For NZ advertisers who want to research what competitors are doing in AI search, Semrush has an advertising intelligence toolkit worth looking at with plans starting around USD $120/month (roughly NZD $198). Early users often spot emerging ad trends before they hit mainstream channels, which can pay off in first-mover advantage.
The bigger picture: free AI was always going to cost something
ChatGPT has around 800 million users and infrastructure costs that run into the billions annually. The free tier could only exist as long as OpenAI was comfortable burning investor capital. As the company moves toward profitability, monetisation was inevitable.
The interesting competitive dynamic: Anthropic ran Super Bowl ads in early 2026 directly mocking OpenAI's ad launch, positioning Claude as the "ad-free" AI. Claude Pro is USD $20/month and currently has no advertising. That's a real differentiator for users who care about a clean experience.
For NZ businesses, the practical question is simple: are you using ChatGPT for important business tasks or just casual queries? If it's the former, the Plus plan is worth it. If you're only using it occasionally, the ads will probably be a minor inconvenience rather than a dealbreaker.
What to do right now
If you use the Free tier for business work: weigh up whether NZD $33/month for Plus is worth removing ads and getting better usage limits. For most businesses with regular AI usage, it likely is.

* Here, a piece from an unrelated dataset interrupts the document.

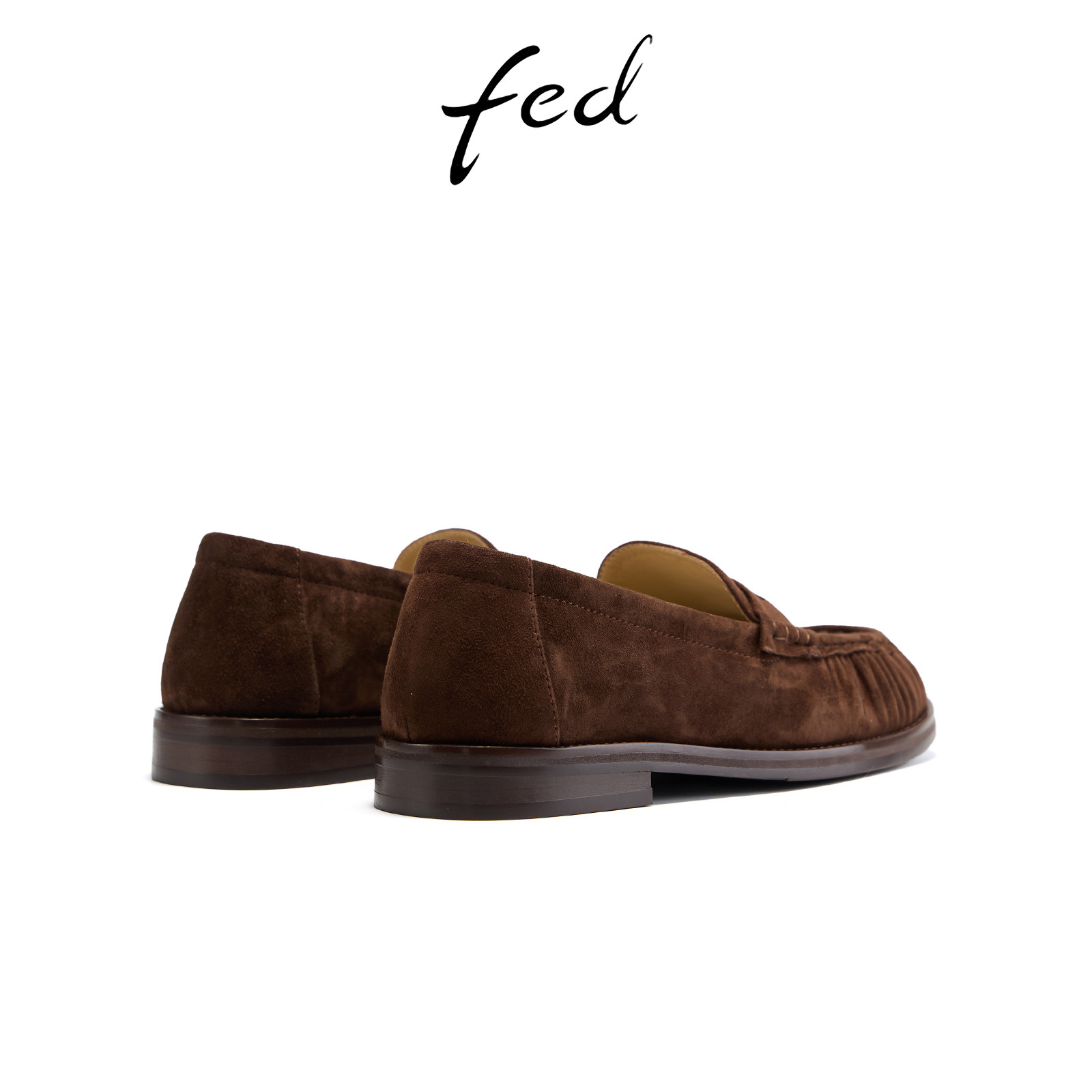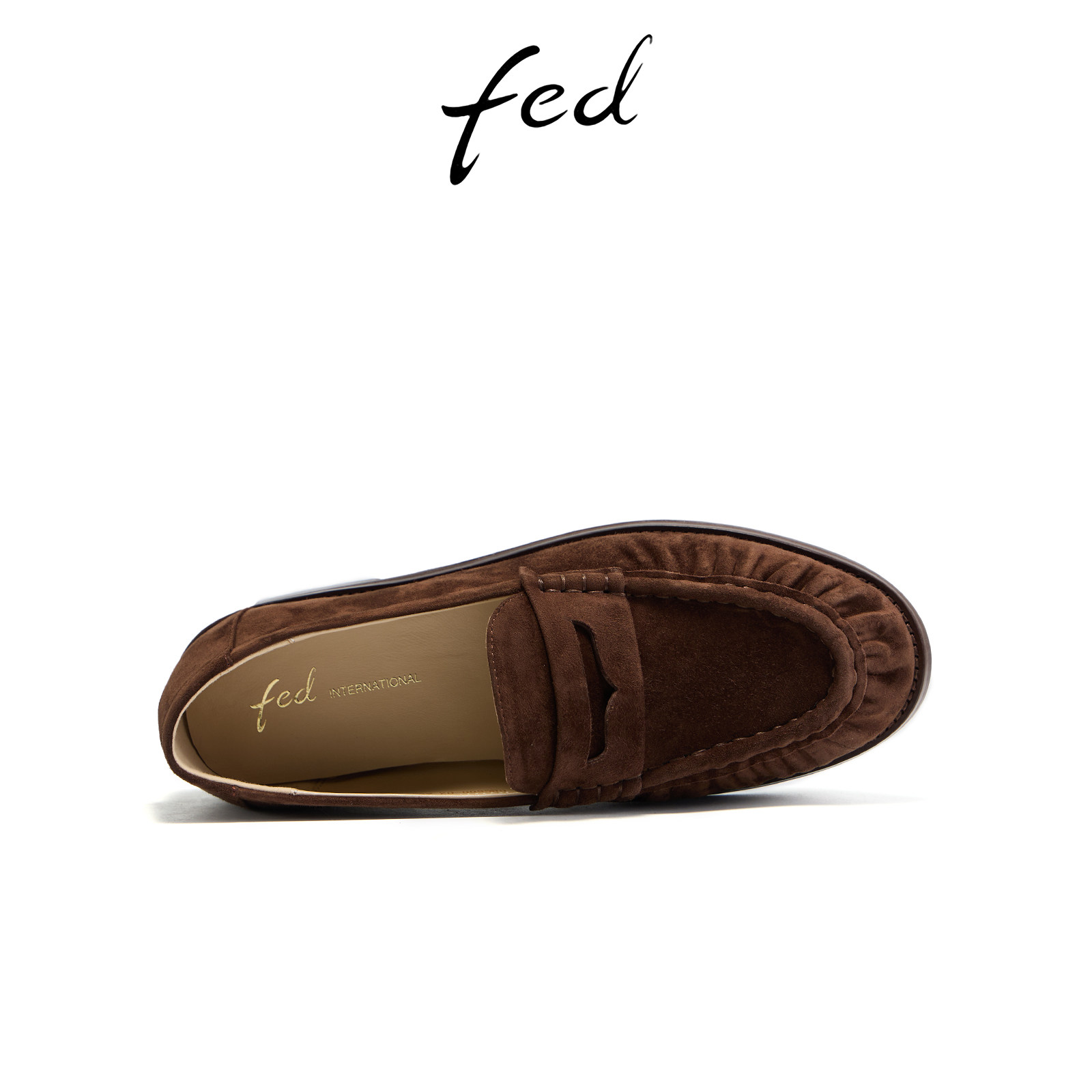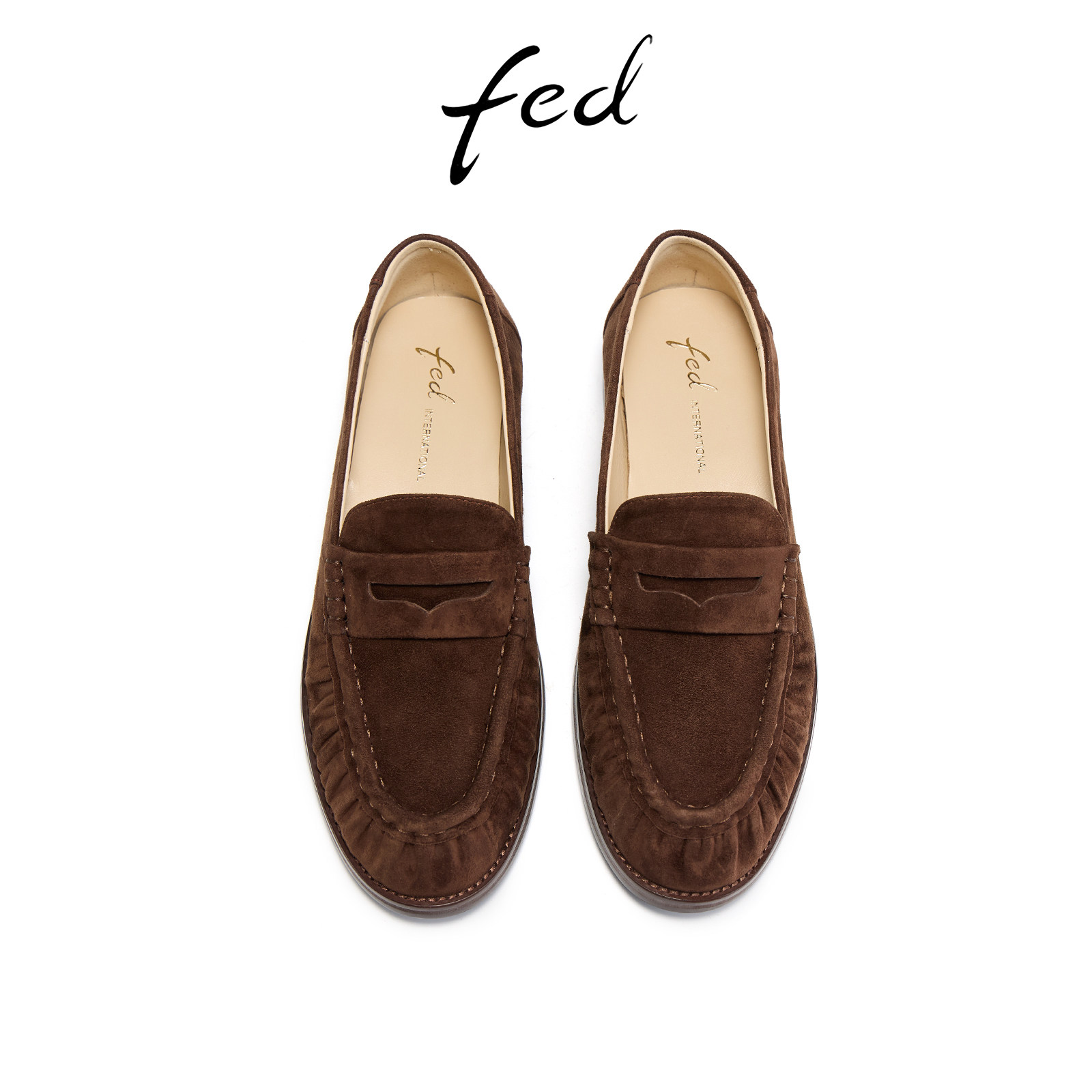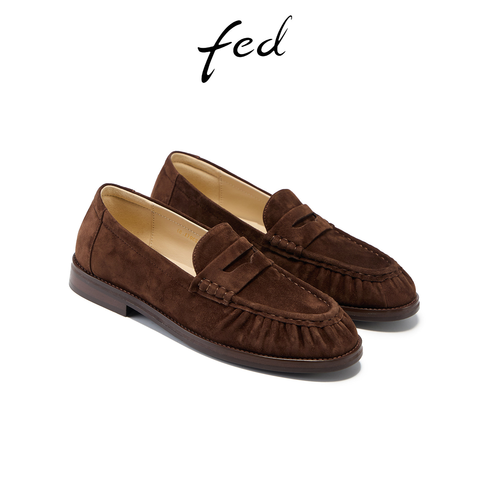 fed墨痕柔褶乐福鞋春季新款女鞋低跟单鞋褶皱豆豆懒人鞋女款YA600

If you've been considering advertising your NZ business on AI platforms: sign up for updates at openai.com/advertisers. Early movers in new ad channels typically get better inventory and lower effective CPMs before competition drives prices up.
If you prefer to stay ad-free without paying: Claude (claude.ai) remains ad-free on its free tier as of May 2026, and Anthropic has publicly positioned this as a long-term differentiator.
The free lunch is ending. The question is whether you want to pay in money or attention.
Sources: OpenAI blog "Testing ads in ChatGPT" (openai.com/index/testing-ads-in-chatgpt/, updated May 7 2026); TechCrunch "ChatGPT rolls out ads" (February 9 2026); CNBC "ChatGPT's ad pilot has the industry excited" (March 20 2026); Criteo conversion data via Affiliate Summit (February 2026).